Bug #61025 Race condition with CONNECT_REP in ndbmtd
Submitted: 2 May 2011 13:36 Modified: 3 May 2011 8:00
Reporter: Jonas Oreland Email Updates:
Status: Closed Impact on me:
Category:MySQL Cluster: Cluster (NDB) storage engine Severity:S3 (Non-critical)
Version: OS:Any
Assigned to: Jonas Oreland CPU Architecture:Any

[2 May 2011 13:36] Jonas Oreland
In ndbmtd, the "a node connected"-event is detected by CMVMI-thread
which will send a CONNECT_REP (prio a) to QMGR

However, there is a (very very) low risk, that a signal might be transfered
to QMGR directly by transporter before the CONNECT_REP arrives in QMGR.

This will then result in a error log like:
Status: Temporary error, restart node
Message: Internal program error (failed ndbrequire) (Internal error, programming error or missing error message, please report a bug)
Error: 2341
Error data: qmgr/QmgrMain.cpp
Error object: QMGR (Line: 565) 0x00000002
Program: /path/to/ndbmtd
Pid: 21509 thr: 0
Version: mysql-5.1.56 ndb-7.0.25
Trace: ./ndb_5_trace.log.109 ./ndb_5_trace.log.109_t1 ./ndb_5_trace.log.109_t2 ./ndb_5_trace.log.109_t3

How to repeat:
since twice in autotest

Suggested fix:
Ignore CM_REG_REQ until CONNECT_REP has arrived in QMGR.
This is safe as CM_REG_REQ is resent by starting node until it gets a reply.
[2 May 2011 13:41] Jonas Oreland
pushed to 7.0.25 and 7.1.14
[3 May 2011 8:00] Jon Stephens
Documented in the NDB-7.0.25 and 7.1.14 changelogs as follows:

        In ndbmtd, a node connect event is detected by a CMVMI thread
        which sends a CONNECT_REP signal to the QMGR kernel block.
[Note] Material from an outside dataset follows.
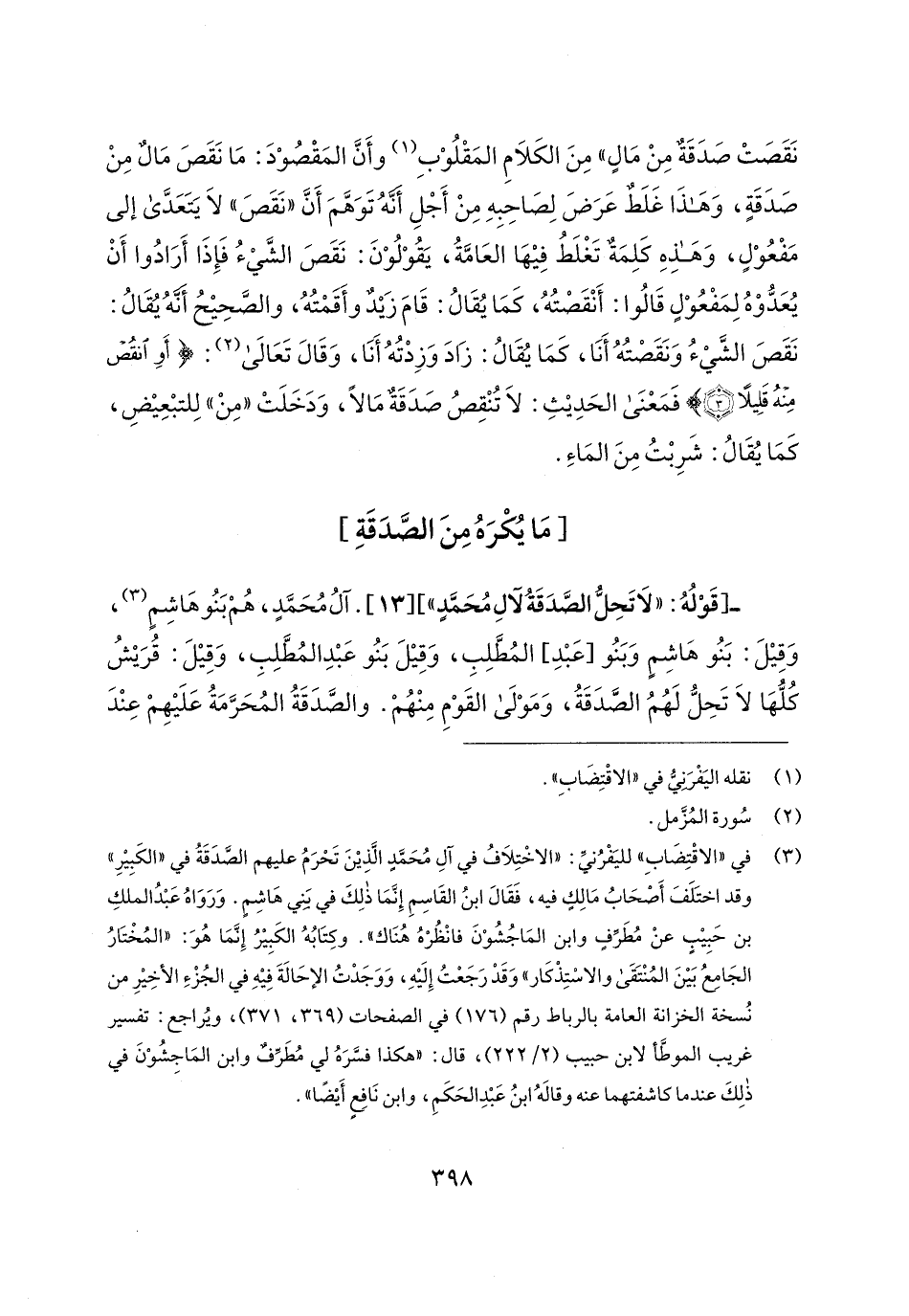-[قَوْلُهُ: "لَا تَحِلُّ الصَّدَقَةُ لآلِ مُحَمَّدٍ"] [13] آلُ مُحَمَّدٍ، هُمْ بَنُو هَاشِمٍ (¬3)، وَقِيلَ: بَنُو هَاشِمٍ وَبَنُو [عَبْدِ] المُطَّلِبِ، وَقِيلَ بَنُو عَبْدِ المُطَّلِبِ، وَقِيلَ: قُرَيشُ كُلُّهَا لَا تَحِلُّ لَهُمُ الصَّدَقَةُ، وَمَوْلَى القَوْمِ مِنْهُمْ. والصَّدَقَةُ المُحَرَّمَةُ عَلَيهِمْ عِنْدَ

In a
        few isolated circumstances, a signal might be transfered to QMGR
        directly by the NDB transporter before the CONNECT_REP signal
        actually arrived. This resulted in reports in the error log with
        status and Temporary error, restart node the message Internal
        program error.